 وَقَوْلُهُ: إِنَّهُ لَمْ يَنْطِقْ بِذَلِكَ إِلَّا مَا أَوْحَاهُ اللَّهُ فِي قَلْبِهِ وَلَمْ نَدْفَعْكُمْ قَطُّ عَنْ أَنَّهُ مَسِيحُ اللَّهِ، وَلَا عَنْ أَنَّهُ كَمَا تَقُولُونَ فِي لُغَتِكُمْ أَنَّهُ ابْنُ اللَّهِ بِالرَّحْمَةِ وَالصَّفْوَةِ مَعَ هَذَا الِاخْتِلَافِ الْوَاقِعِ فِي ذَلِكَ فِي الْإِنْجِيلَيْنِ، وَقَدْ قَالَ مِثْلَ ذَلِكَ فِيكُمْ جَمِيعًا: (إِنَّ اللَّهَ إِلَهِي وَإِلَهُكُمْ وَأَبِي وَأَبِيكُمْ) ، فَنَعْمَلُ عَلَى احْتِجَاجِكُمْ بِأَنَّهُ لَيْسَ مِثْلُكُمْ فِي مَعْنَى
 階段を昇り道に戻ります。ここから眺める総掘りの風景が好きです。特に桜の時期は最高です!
----------------------------------------
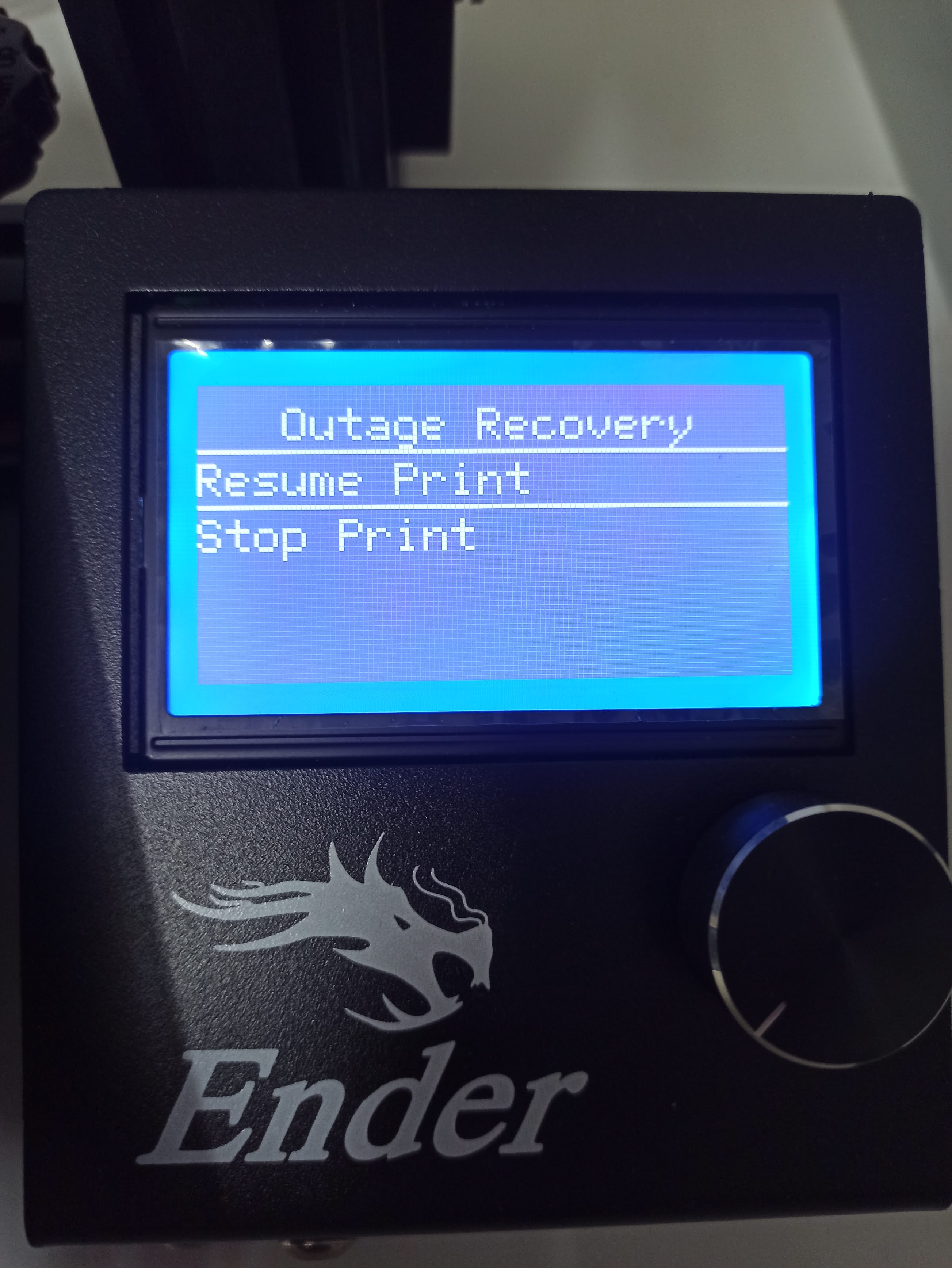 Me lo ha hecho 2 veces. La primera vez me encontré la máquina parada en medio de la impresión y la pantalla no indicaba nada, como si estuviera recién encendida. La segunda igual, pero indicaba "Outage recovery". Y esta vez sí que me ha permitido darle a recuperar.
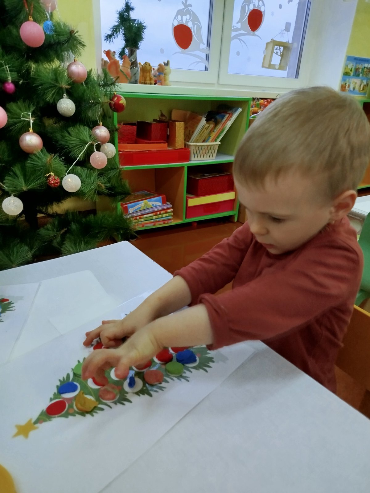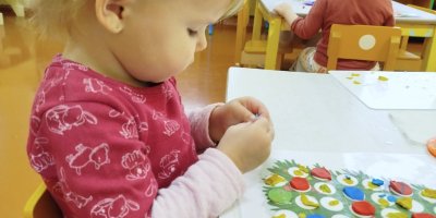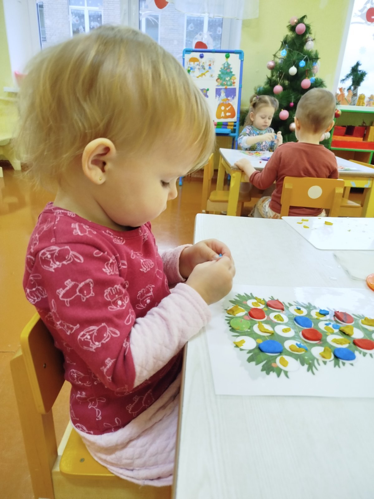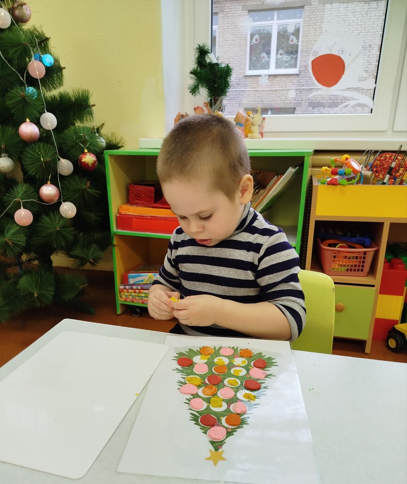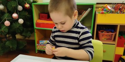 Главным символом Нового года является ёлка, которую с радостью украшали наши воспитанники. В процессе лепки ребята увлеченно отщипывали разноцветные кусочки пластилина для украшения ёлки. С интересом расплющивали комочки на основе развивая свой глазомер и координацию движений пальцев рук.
----------------------------------------
• **Work order**: Of all the entries above, repeat only the lines from the line that has "وَقَوْلُهُ: إِنَّهُ لَمْ" to the line that has "階段を昇り道に戻ります。ここ", both lines included, exactly.

• **Result below**:
 وَقَوْلُهُ: إِنَّهُ لَمْ يَنْطِقْ بِذَلِكَ إِلَّا مَا أَوْحَاهُ اللَّهُ فِي قَلْبِهِ وَلَمْ نَدْفَعْكُمْ قَطُّ عَنْ أَنَّهُ مَسِيحُ اللَّهِ، وَلَا عَنْ أَنَّهُ كَمَا تَقُولُونَ فِي لُغَتِكُمْ أَنَّهُ ابْنُ اللَّهِ بِالرَّحْمَةِ وَالصَّفْوَةِ مَعَ هَذَا الِاخْتِلَافِ الْوَاقِعِ فِي ذَلِكَ فِي الْإِنْجِيلَيْنِ، وَقَدْ قَالَ مِثْلَ ذَلِكَ فِيكُمْ جَمِيعًا: (إِنَّ اللَّهَ إِلَهِي وَإِلَهُكُمْ وَأَبِي وَأَبِيكُمْ) ، فَنَعْمَلُ عَلَى احْتِجَاجِكُمْ بِأَنَّهُ لَيْسَ مِثْلُكُمْ فِي مَعْنَى
 階段を昇り道に戻ります。ここから眺める総掘りの風景が好きです。特に桜の時期は最高です!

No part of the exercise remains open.